• **DATA IN THIS EXERCISE**:
____

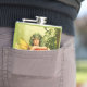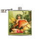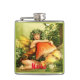 Fada loira de olhos azuis abraçando um grande cogumelo amanita para personalizar com sua própria saudação, nome, mensagem, etc
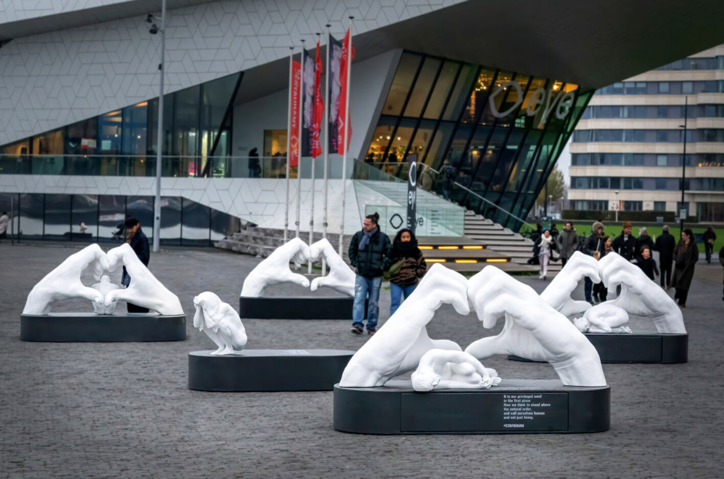 Het reizende kunstproject #StayHuman van kunstenaar SAZZA biedt een ander perspectief. Waar mensen vaak worden teruggebracht tot een label, een mening of een kamp, laten deze sculpturen het tegenovergestelde zien: de mens in zijn puurste, meest kwetsbare vorm — zonder status, zonder masker, zonder bescherming. Ze vormen een indringende oproep om de menselijkheid te blijven zien, juist nu de menselijke maat onder druk staat.
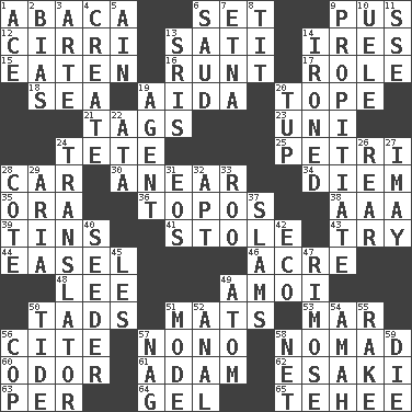 ACROSS 1. Phillipine bananalike plant 6. Put into a specified state 9. Fluid product of inflammation 12. High-altitude cloud 13. Suttee (variant) 14. Angers 15. Eroded 16. The smallest animal of a litter 17. Hero or heavy, e.g. 18. Ocean 19. Opera by Verdi 20. Drink excessively 21. Labels 23. Single; one (prefix) 24. False hair 25. _ dish (used to culture cells) 28. 4-wheeled motor vehicle 30. Approach 34. South Vietnam president (1954) 35. Mouth or opening 36. Literary convention 38. Auto club (abbr.) 39. Metal containers 41. Fur scarf 43. Attempt to accomplish something 44. Artist's stand 46. Measure of real estate 48. Area sheltered from the wind 49. Mine, in Marseilles 50. Bits 51. Floor coverings 53. Make imperfect 56. Quote 57. Words to Nanette 58. Roamer 60. Scent 61. First man 62. 1973 Nobel Price Winner (Physics) Leo 63. For each 64. Set 65. Giggle DOWN 1. Adept person 2. Prejudice 3. Johnson of "Laugh-In" 4. Make 5. The 18th letter of the Arabic alphabet 6. Saudi Arabian king (1953-1964) 7. Inactive volcano in Sicily 8. Teat (slang) 9. Appease 10. Ubangi River tributary 11. Compass dir. 13. Indian titles of respect 14. Pressed 19. Rep 20. Uncastrated adult male sheep 22. "One Day ___ Time" 24. Interpreter 26. Rump 27. "If ____ say so..." 28. ____ d'Azur (French Riviera) 29. Roberta Peters solo 31. Greek goddess of the dawn 32. Fitting 33. Friend of Pooh 37. Criticizes harshly 40. Sowing specialist 42. Environmental prefix 45. French article 47. Full of chinks, cracks, or crevices 49. Smallest unit of an element 50. Event that recurs at intervals 51. Method 52. Of or related to the anus 54. Nursemaid 55. Libertine 56. Police officer (slang) 57. Tired old horse 58. Fish or hair follower 59. Pass on
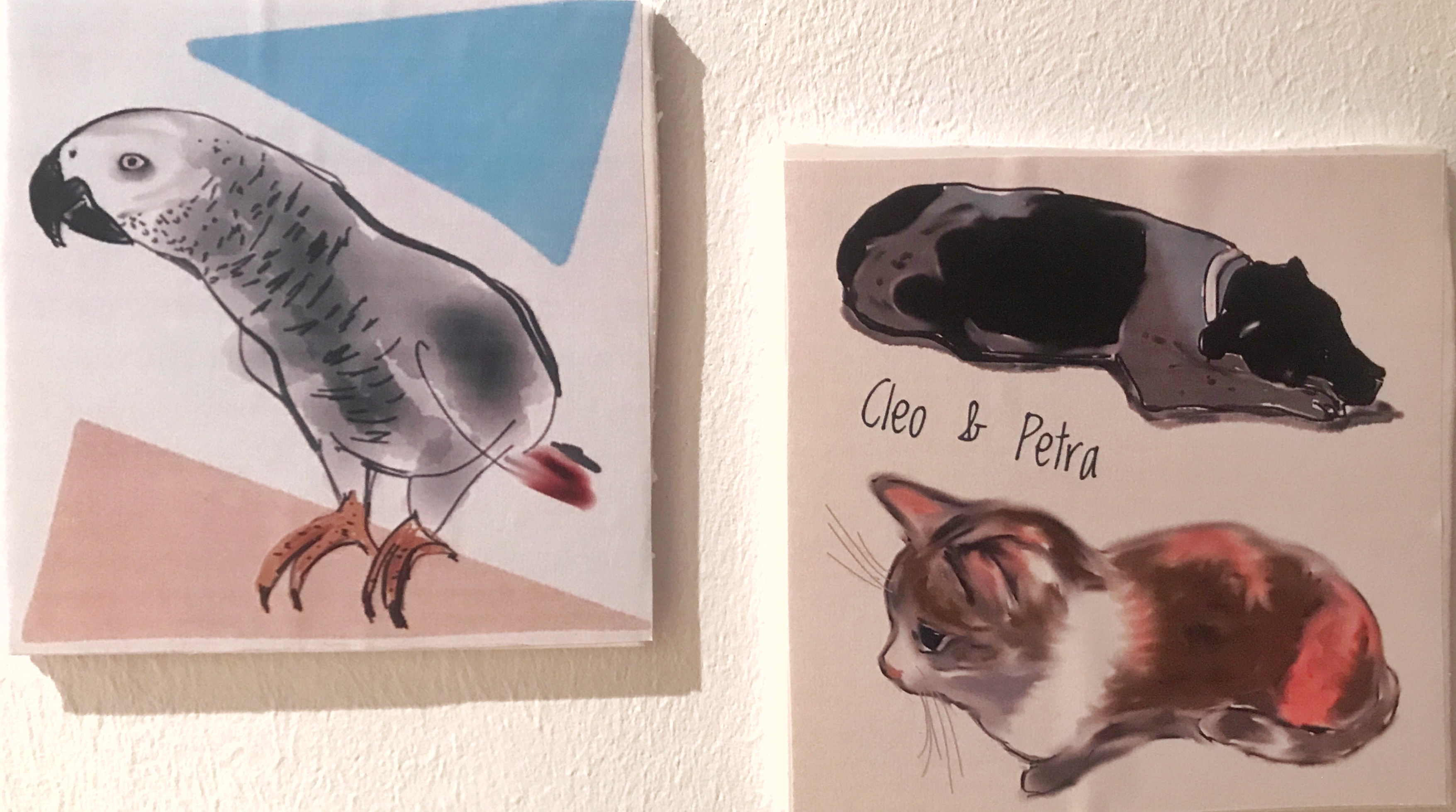 Los autores son variados, desde el autorretrato que se hizo mi padre de joven, hasta el retrato que hice a Ángeles, que en realidad es un boceto de otra obra mayor. Pasando por el dibujo que le hizo una amiga a mi tío o el dibujo improvisado a mi hermana. Destacar finalmente los dibujos que les hice a mis mascotas. En ese momento, me encontraba investigando la opción de crear dibujos utilizando herramientas digitales y éstas son una muestra.
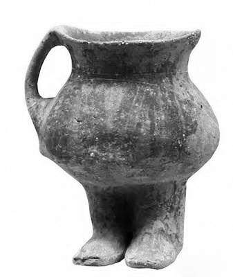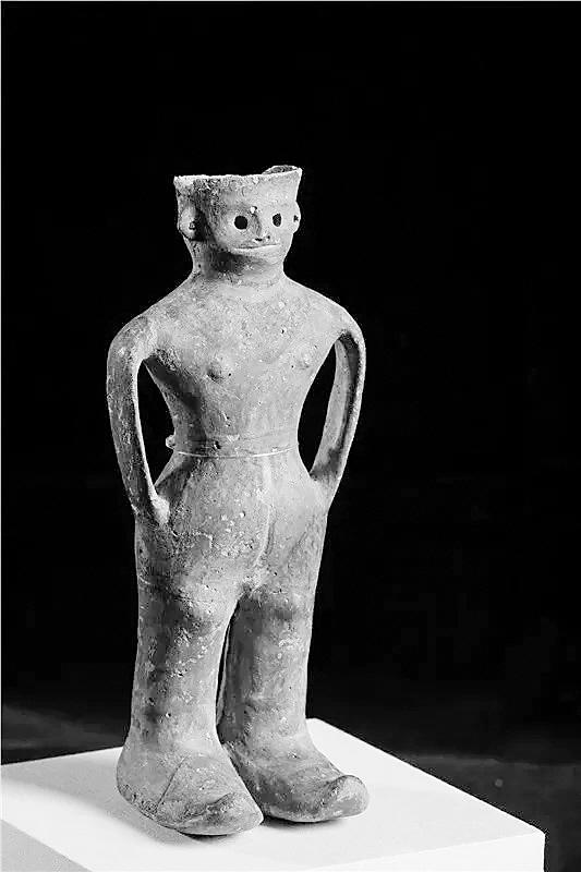 最特別的就是他雙腳上的鞋子,看上去完全是一雙高腰靴子,而且腳型巨大。陶器人體中空,可以盛水,插入褲兜的雙臂形成陶罐的雙耳,設(shè)計十分大膽精巧。
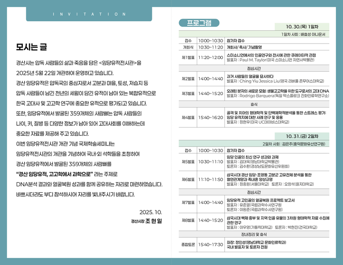 2일차인 31일에는 국내 발표자들의 발표가 이어지는데 영남대학교 박물관 김대욱 박사의 ‘임당 인골의 최신 연구 성과와 과제’에 대한 발표를 시작으로 서울대학교 정충원 교수의 ‘임당 인골의 고유 전체 분석을 통한 혈연 관계망과 족내혼 양상 규명’, 국립과학수사연구원 유준열 연구원의 ‘얼굴 복원 프로젝트 보고서’, 가톨릭대학교 이우영 교수의 ‘삼국시대 백제 인골에 관한 연구’에 대한 발표가 이어진다.
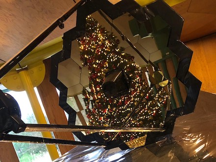 L’albero di Natale del centro Estec dell’Esa, nei Paesi Bassi, si riflette nello specchio principale di un modello in scala 1:10 del telescopio spaziale James Webb. Crediti: Esa–G. Porter
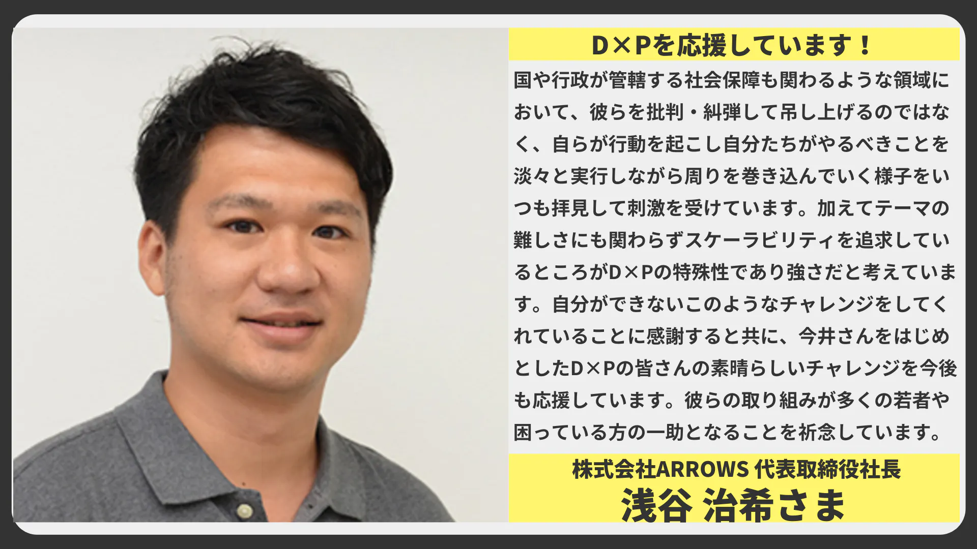 自分ができないこのようなチャレンジをしてくれていることに感謝すると共に、今井さんをはじめとしたD×Pの皆さんの素晴らしいチャレンジを今後も応援しています。
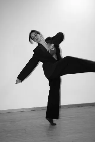 Nach einem Warm-up folgen Technikübungen zu Dynamik, Kontrolle und Ausdruck. Across-the-Floor-Sequenzen greifen bereits Elemente der späteren Choreografie auf und bauen sie Schritt für Schritt auf.
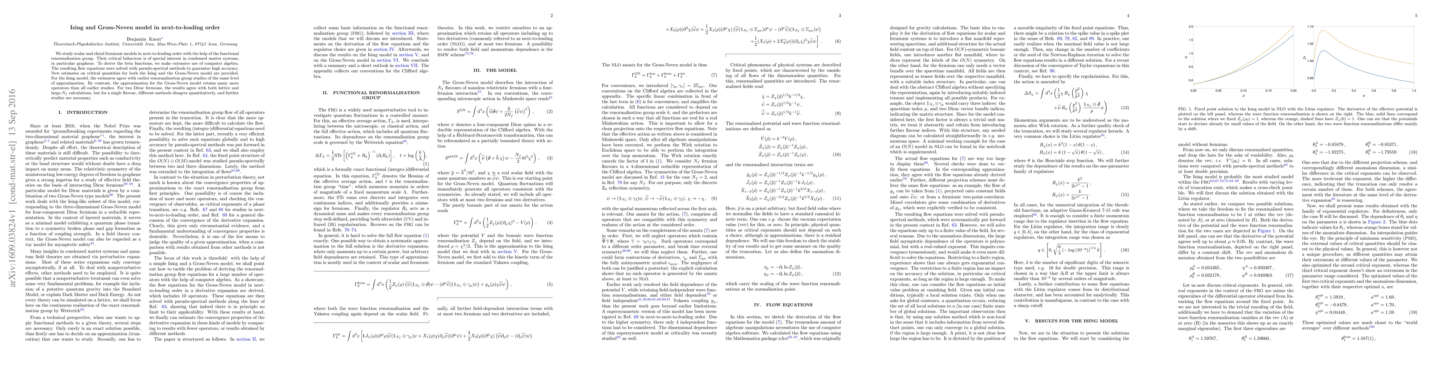 This paper uses functional renormalisation group to study critical behavior of scalar and chiral fermionic models in next-to-leading order, providing new estimates for critical quantities in the Ising and Gross-Neveu models.
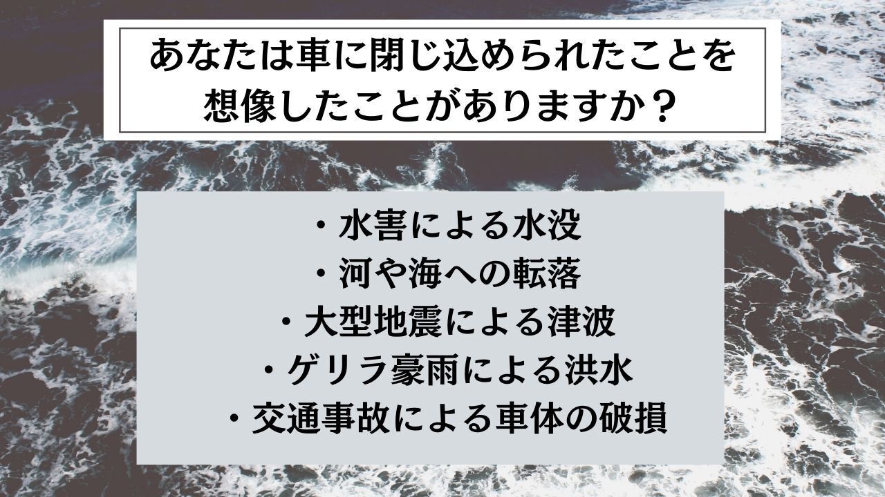 交通事故などの場合は破損した窓やドアが開かない、ということがありますし、水没の場合も電気系統が使用できなくなり窓が開かなくなってしまいます。
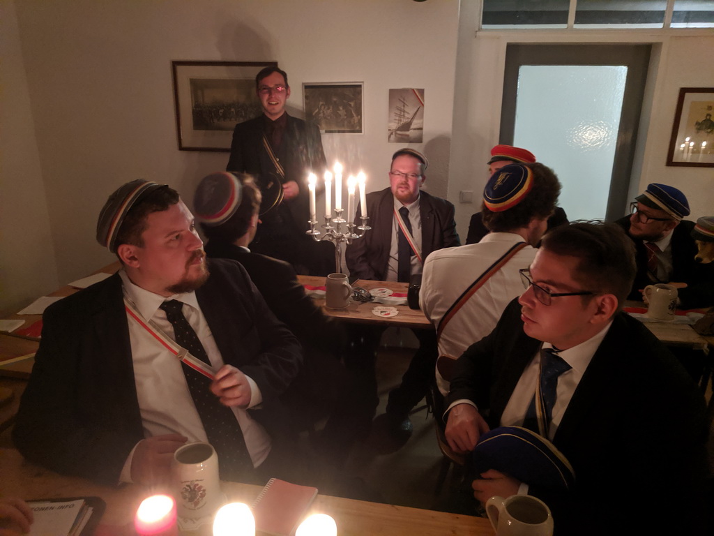 Abgerundet mit Wortmeldungen von Tox, Justus und Barbarossa, haben wir unser Farbenlied ertönen lassen. Auch wenn nicht jeder Teutone ein guter Sänger ist, füllt das Lied jedes Mal die Hallen unserer Konstanten mit Kraft und Ehrfurcht, die man spüren kann. Das darauf von Borsti angeschlagene Kolloquium bot uns die Möglichkeit unsere Stimmbänder zu ölen und mit unseren verspäteten Kneipgästen ins Gespräch zu kommen.
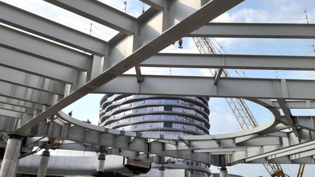 可实现从动化焊接。现场扶植如火如荼。保守工艺下需要20小我摆布来完成,通过工场预制、现场拆卸,扶植工期比保守体例压缩了4-6个月。“我们‘慢行花圃’的平台从体全数采用钢布局,有多位身手崇高高贵的‘钢铁成衣’,中国五冶集团供图“你看阿谁曾经封顶的全岛最高楼,全面提拔了钢布局产物的出产效率和质量程度。
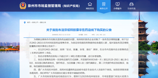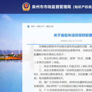 为缓解近期我市市民购买退热药品难的问题,我局组织医药企业采购了一批布洛芬缓释胶囊,将于12月24日-26日分3天时间投放药品零售市场,为保证将有限的药物提供给急需的人群,现对该批布洛芬缓释胶囊购买相关事项公告如下:
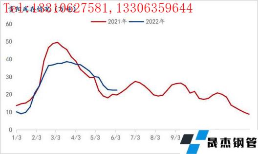 5月中下旬以來,貴州地區進入雨季,強降水天氣頻發,平均降水量較常年同期偏多18.2%,江河來水量較多年平均偏多25%。雨季來臨,下游施工受限,運輸受阻,貴陽主流庫房開單量下滑明顯,5月份貴陽市場主流庫房日均開單量6680噸,較4月份日均開單量減少967噸,降幅達12.65%,疊加高考停工影響,今日貴陽主流庫房開單量僅4500噸。較2021年5月份日均開單量減少4546噸,降幅達40.49%,僅達去年六成。雨季需求受限,貴陽市場去庫速度受到影響,截至6月5日,貴陽主流庫房建筑厚壁無縫鋼管庫存22.6萬噸,較上周減少0.37萬噸,降幅1.61%,較去年同期高出2.86萬噸,增幅達14.48%。綜合來看,雨季來臨,貴陽市場建筑厚壁無縫鋼管需求明顯下滑,去庫速度放緩。
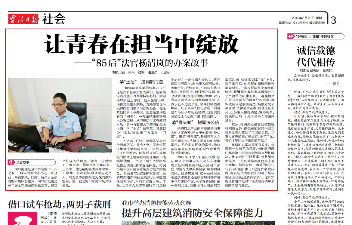 《云浮日报》刊登云城区法院河口法庭审判员杨清岚事迹
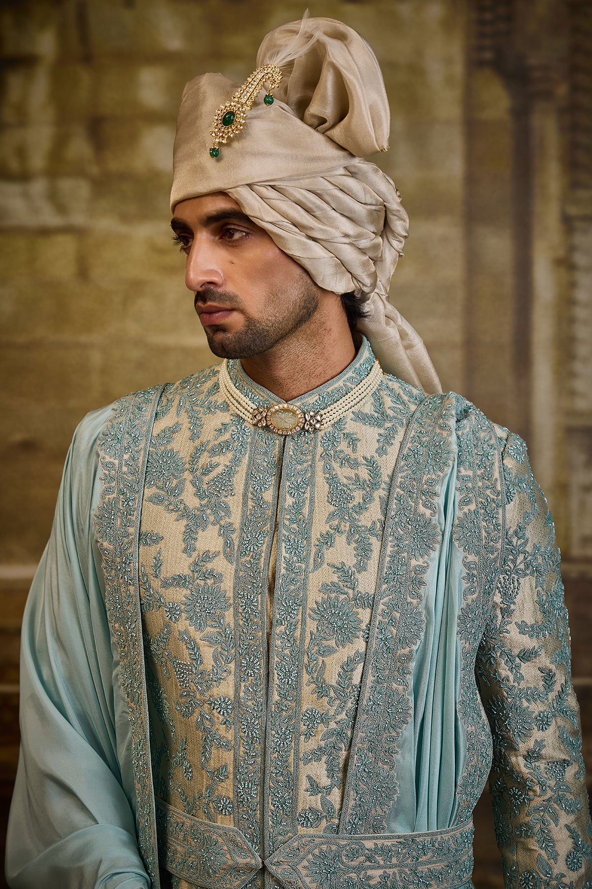 Tissue Brocade Sherwani Embroidered In Sea Blue Dori Highlighted With Tonal Dabka, Beadwork And Crystals. It Comes A Cotton Silk Kurta And Lycra Trousers. It Is Accesorised With A Worked Stole , Belt And Leather Jutis Which Are Optional And Can Be Ordered Separately
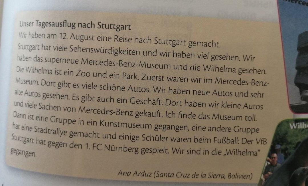 Мы совершили поездку в Штутгарт 12 августа. В Штутгарте много достопримечательностей, и мы многое видели, мы видели супер-новый музей Mercedes-Benz и Вильгельму. Вильгельма - это зоопарк и парк. Сначала мы пошли в музей Mercedes-Benz. Там много хороших машин. Мы видели новые машины и очень старые машины. Также есть магазин. Там мы покупали маленькие машины и много вещей от Mercedes-Benz. Я считаю, что музей отличный. Затем одна группа пошла в художественный музей, другая группа устроила городской митинг, а некоторые студенты играли в футбол: VfB augart играл против 1. FC Nürnberg. Мы пошли к Вильгельме.
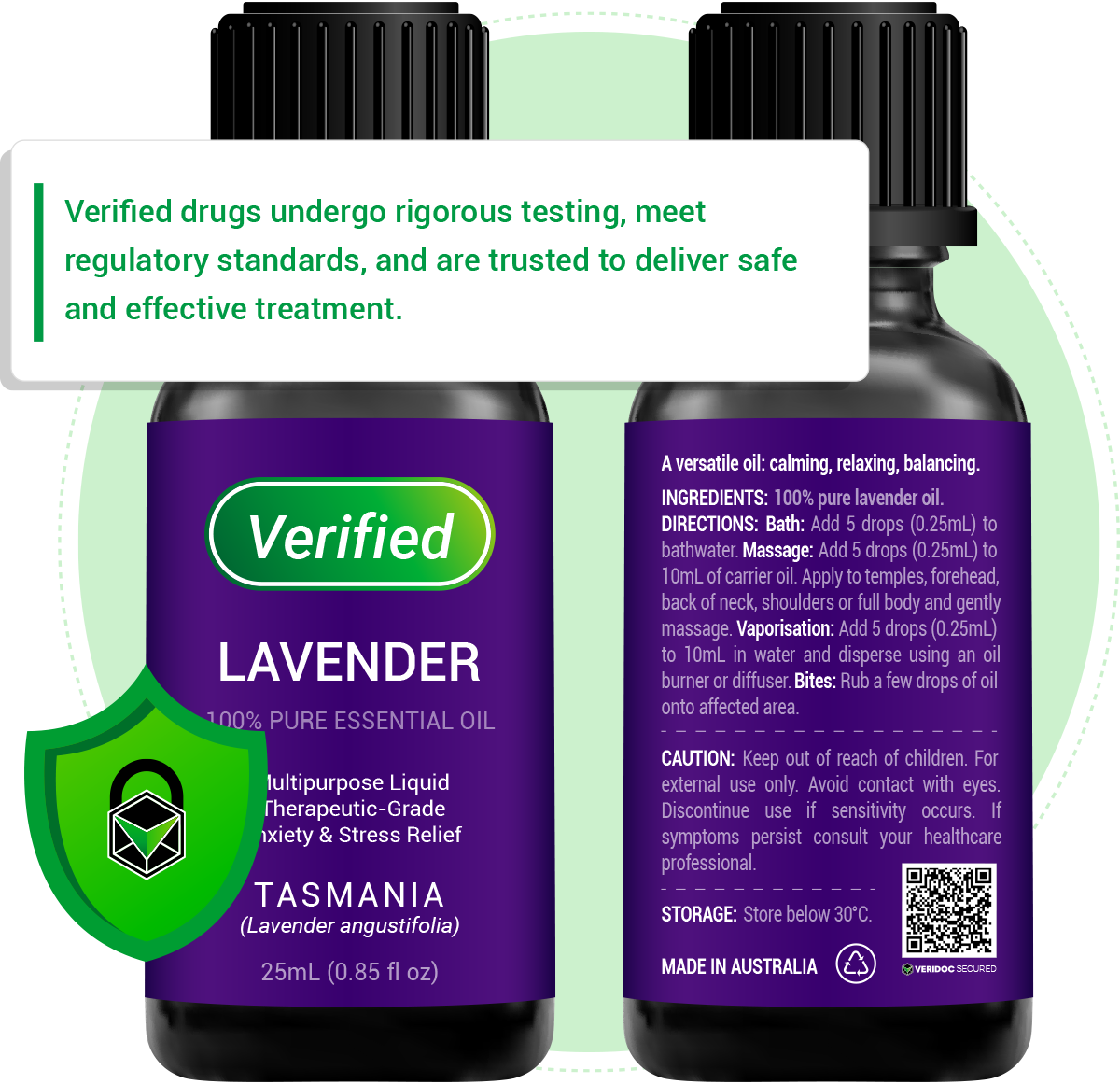 Essential oils like lavender are often diluted, chemically altered, or sold under false purity claims. VeriDoc Global can secure each bottle with a blockchain-backed QR code proving authenticity, purity, and true extraction origin.

____

• **EXERCISE**:
Starting with the line that has "ACROSS 1. Phillipine" and going on through the line that has "最特別的就是他雙腳上的鞋子,看上去完全是", transcribe the records above exactly, but skip the pictures.

• **EXERCISE ANSWER**:
 ACROSS 1. Phillipine bananalike plant 6. Put into a specified state 9. Fluid product of inflammation 12. High-altitude cloud 13. Suttee (variant) 14. Angers 15. Eroded 16. The smallest animal of a litter 17. Hero or heavy, e.g. 18. Ocean 19. Opera by Verdi 20. Drink excessively 21. Labels 23. Single; one (prefix) 24. False hair 25. _ dish (used to culture cells) 28. 4-wheeled motor vehicle 30. Approach 34. South Vietnam president (1954) 35. Mouth or opening 36. Literary convention 38. Auto club (abbr.) 39. Metal containers 41. Fur scarf 43. Attempt to accomplish something 44. Artist's stand 46. Measure of real estate 48. Area sheltered from the wind 49. Mine, in Marseilles 50. Bits 51. Floor coverings 53. Make imperfect 56. Quote 57. Words to Nanette 58. Roamer 60. Scent 61. First man 62. 1973 Nobel Price Winner (Physics) Leo 63. For each 64. Set 65. Giggle DOWN 1. Adept person 2. Prejudice 3. Johnson of "Laugh-In" 4. Make 5. The 18th letter of the Arabic alphabet 6. Saudi Arabian king (1953-1964) 7. Inactive volcano in Sicily 8. Teat (slang) 9. Appease 10. Ubangi River tributary 11. Compass dir. 13. Indian titles of respect 14. Pressed 19. Rep 20. Uncastrated adult male sheep 22. "One Day ___ Time" 24. Interpreter 26. Rump 27. "If ____ say so..." 28. ____ d'Azur (French Riviera) 29. Roberta Peters solo 31. Greek goddess of the dawn 32. Fitting 33. Friend of Pooh 37. Criticizes harshly 40. Sowing specialist 42. Environmental prefix 45. French article 47. Full of chinks, cracks, or crevices 49. Smallest unit of an element 50. Event that recurs at intervals 51. Method 52. Of or related to the anus 54. Nursemaid 55. Libertine 56. Police officer (slang) 57. Tired old horse 58. Fish or hair follower 59. Pass on
 Los autores son variados, desde el autorretrato que se hizo mi padre de joven, hasta el retrato que hice a Ángeles, que en realidad es un boceto de otra obra mayor. Pasando por el dibujo que le hizo una amiga a mi tío o el dibujo improvisado a mi hermana. Destacar finalmente los dibujos que les hice a mis mascotas. En ese momento, me encontraba investigando la opción de crear dibujos utilizando herramientas digitales y éstas son una muestra.
 最特別的就是他雙腳上的鞋子,看上去完全是一雙高腰靴子,而且腳型巨大。陶器人體中空,可以盛水,插入褲兜的雙臂形成陶罐的雙耳,設(shè)計十分大膽精巧。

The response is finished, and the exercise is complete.